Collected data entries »
=====
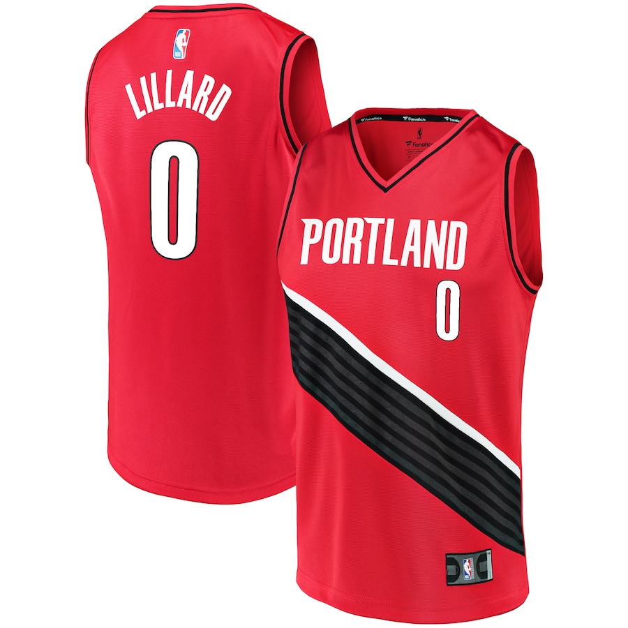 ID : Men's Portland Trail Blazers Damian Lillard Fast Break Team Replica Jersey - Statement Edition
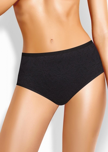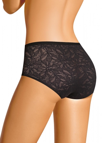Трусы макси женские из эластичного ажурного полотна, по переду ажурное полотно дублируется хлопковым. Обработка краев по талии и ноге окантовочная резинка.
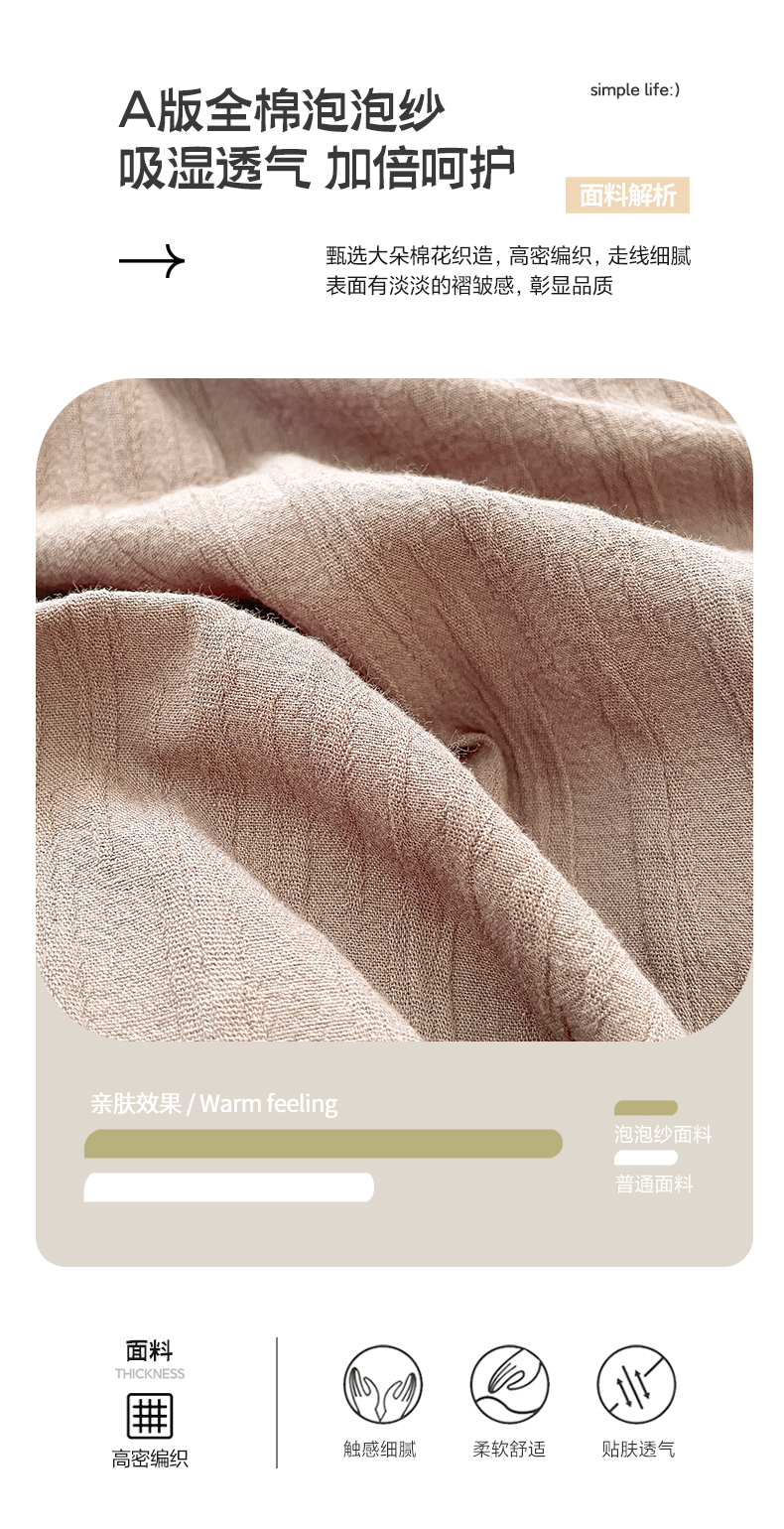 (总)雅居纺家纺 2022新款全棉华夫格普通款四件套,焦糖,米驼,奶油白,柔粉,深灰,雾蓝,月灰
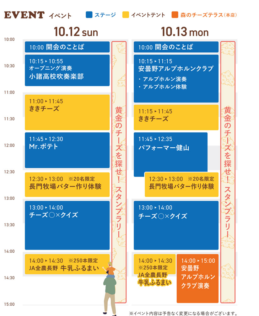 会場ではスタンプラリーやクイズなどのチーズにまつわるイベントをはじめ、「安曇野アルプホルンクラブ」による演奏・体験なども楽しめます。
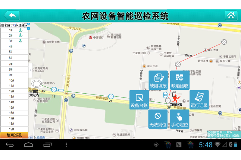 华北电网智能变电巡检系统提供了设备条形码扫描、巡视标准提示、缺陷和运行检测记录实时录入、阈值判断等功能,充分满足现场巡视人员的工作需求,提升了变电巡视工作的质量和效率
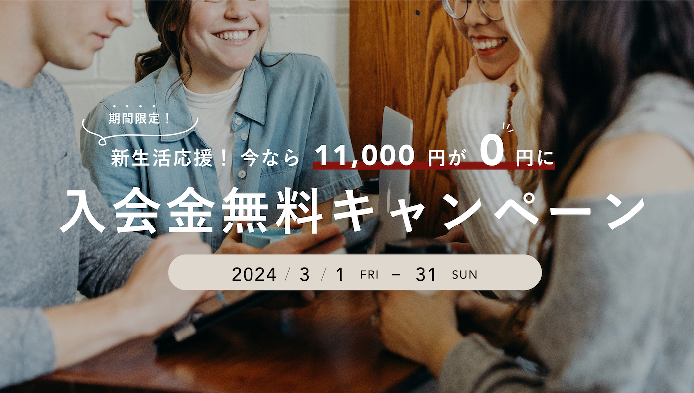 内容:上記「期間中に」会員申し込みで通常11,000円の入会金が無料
=====
EXERCISE REQUIREMENTS » The expected response is every entry above, repeated exactly, pictures removed.

RESPONSE TO THIS TASK »
 ID : Men's Portland Trail Blazers Damian Lillard Fast Break Team Replica Jersey - Statement Edition
Трусы макси женские из эластичного ажурного полотна, по переду ажурное полотно дублируется хлопковым. Обработка краев по талии и ноге окантовочная резинка.
 (总)雅居纺家纺 2022新款全棉华夫格普通款四件套,焦糖,米驼,奶油白,柔粉,深灰,雾蓝,月灰
 会場ではスタンプラリーやクイズなどのチーズにまつわるイベントをはじめ、「安曇野アルプホルンクラブ」による演奏・体験なども楽しめます。
 华北电网智能变电巡检系统提供了设备条形码扫描、巡视标准提示、缺陷和运行检测记录实时录入、阈值判断等功能,充分满足现场巡视人员的工作需求,提升了变电巡视工作的质量和效率
 内容:上記「期間中に」会員申し込みで通常11,000円の入会金が無料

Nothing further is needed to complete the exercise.